Numerous studies have examined the effects of IL-12 in regulating T cell responses when it's present during and after TCR stimulation. IL-12 present during priming of CD4 and CD8 T cells plays key roles in the regulation of the responses of these cells [2, 10]. Furthermore, IL-12 acts as a costimulatory signal by enhancing TCR-induced proliferation, IFN-γ production and cytotoxicity [2]. However, we have only recently begun to appreciate that exposure to inflammatory signals like IL-12 could alter how T cells respond to subsequent TCR stimulation. In this regard, Richer et al. and Kim et al. showed that murine effector/memory CD8 T cells or secondary effector CD4 T cells exposed to pathogen induced-inflammation, primarily driven by IL-12 and type I interferons, have enhanced ability to respond to TCR stimulation [17, 18]. Similarly, Raue and colleagues showed that murine memory CD8 T cells conditioned with IL-12 and IL-18 in vitro have enhanced cytokine production and cytotoxic activity upon TCR re-challenge [19]. Finally, we have recently found that IL-12 pretreatment in human CD4 T cells enhances the production of a range of cytokines following TCR induction [16]. Collectively, these studies suggest that the regulation of T cell responses by IL-12 is more complex than previously appreciated. Beyond its well-studied co-stimulatory effects, prior exposure to IL-12 alters the responsiveness of murine CD4 and CD8 T cells to TCR challenge and enhances the production of multiple cytokines in human activated CD4 T cells. The results reported in this study extend our expanding understanding of the effects of IL-12 on antigen experienced T cells to activated human CD8 T cells.

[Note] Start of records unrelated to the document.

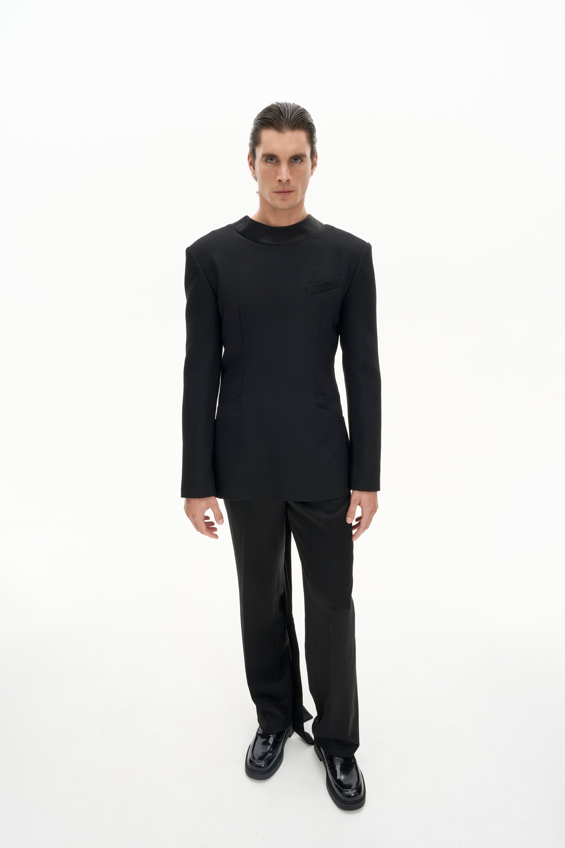 Paired with matching wool-satin trousers, the Mirage Tuxedo captures the essence of modern luxury — sleek, unexpected, and designed for those unafraid to stand out.
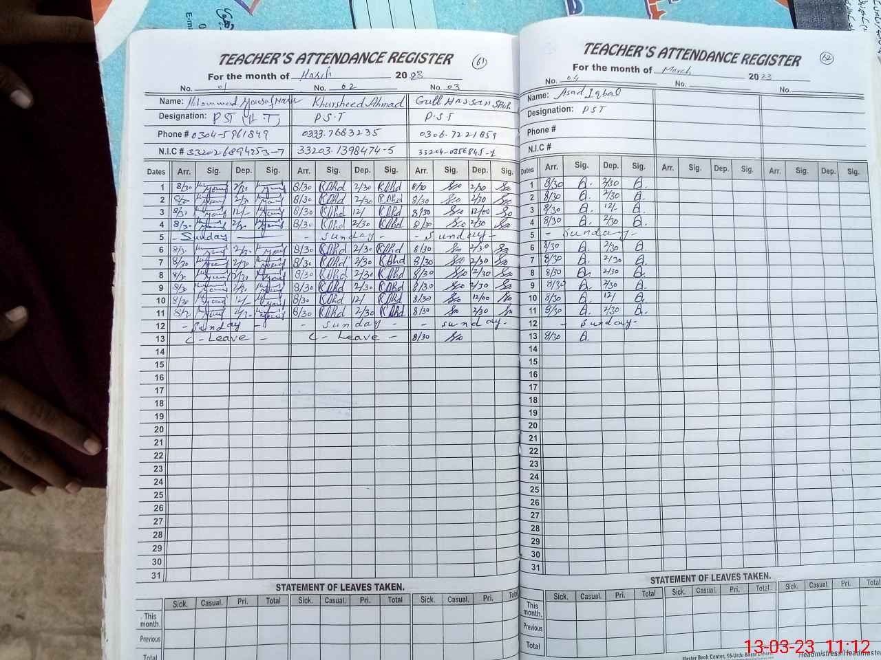 | Name: KH**** Designation: (School Headmaster's/Headmistress's) PST Phone/Cell Number: 03**** |
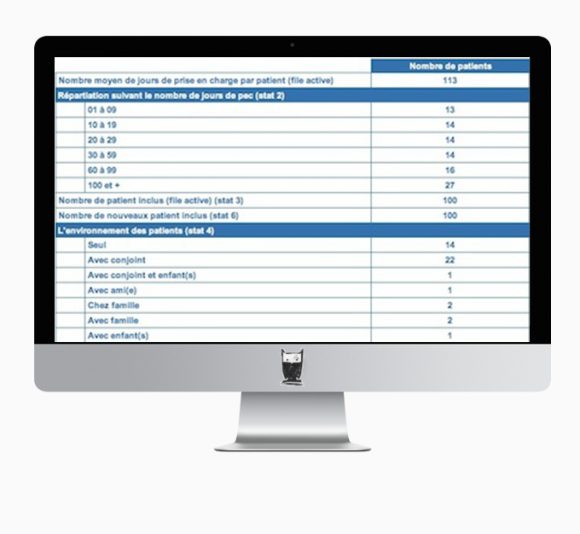 Il assure le suivi des usagers (patients, aidants, professionnels de santé, …) et permet l’évaluation (rapports d’activité, tableaux de statistiques) du fonctionnement du Réseau remise aux tutelles chaque année (ARS, Conseil Général, …)
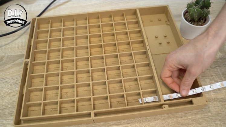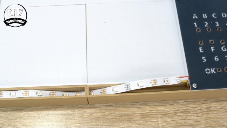 Pass the strip carefully through the tunnel in the first trench running along the front edge of the chessboard. Follow the curve of the wires as you go around the corner and then tuck the second strip under the second tunnel. Use some glue to help keep the LED's fitted flat onto the 3D printed ledge and inline with each row and column on the main playing surface.
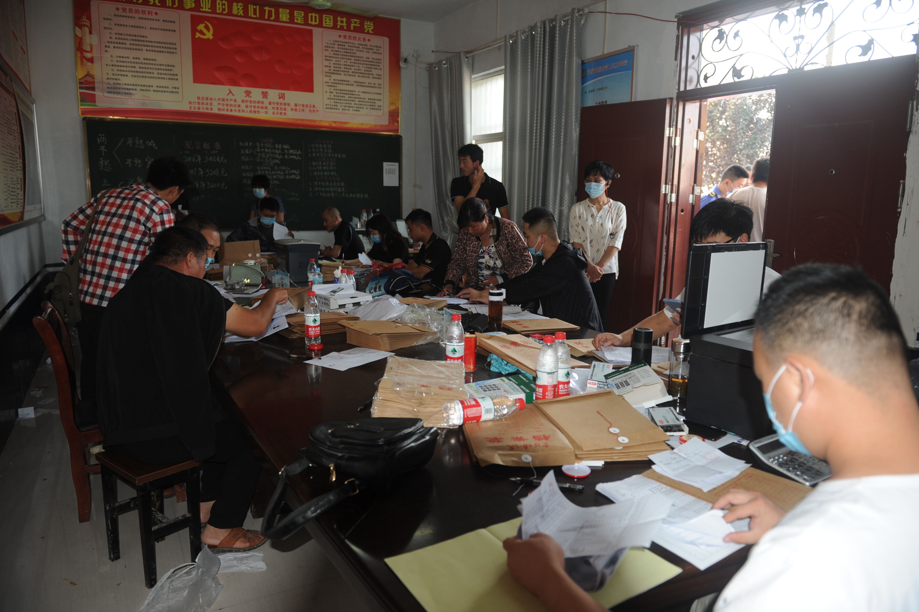 村室內(nèi),工作人員有的在忙著為群眾復(fù)印材料,有的在緊張地為群眾簽訂房屋拆除協(xié)議,大家都忙得不可開交。

During the response to infection, naïve or central memory CD8 T cells will be TCR activated in secondary lymphoid organs. These activated effector or memory CD8 T cells will then be released from the secondary lymphoid organs where they will encounter inflammatory signals in the absence of TCR stimulation in the blood and lymph as they migrate from the lymph nodes into sites of infection. In the site of infection, the activated CD8 T cells exposed to inflammatory stimuli receive secondary antigen and/or inflammatory signals that impact their activation. In this study, we mimicked this physiological setting in vitro using human peripheral blood CD8 T cells that have been activated for 5 days with anti-CD3 /anti-CD28 antibodies and recombinant IL-2, removed from the priming stimuli, and transiently pretreated with inflammatory signals before being restimulated via the TCR. Interestingly, our data suggest that among different pro and anti-inflammatory cytokines, only IL-12 alters the responses of human CD8 T cell responses to subsequent TCR stimulation. In contrast to the previous findings from murine CD8 and CD4 T cells, we found that pretreatment with type I interferons (IFN-α or IFN-β) has no effect on subsequent human activated CD8 T cell responses. This could be attributed to differences between human and mouse T cell responses, but could also be derived from differences in the experimental setup. In the murine studies, the receptor for type I interferons was shown to be important to alter the T cell responses following pathogen-induced inflammation, which consists of multiple cytokines. In contrast, our studies tested only key inflammatory cytokines to allow for mechanistic insight into these processes. Our results provide novel evidence that prior exposure specifically to IL-12 increases the responses of CD8 T cells to TCR stimulation and that there is no synergistic or antagonist effects seen when IL-12 is present in combination with other cytokines.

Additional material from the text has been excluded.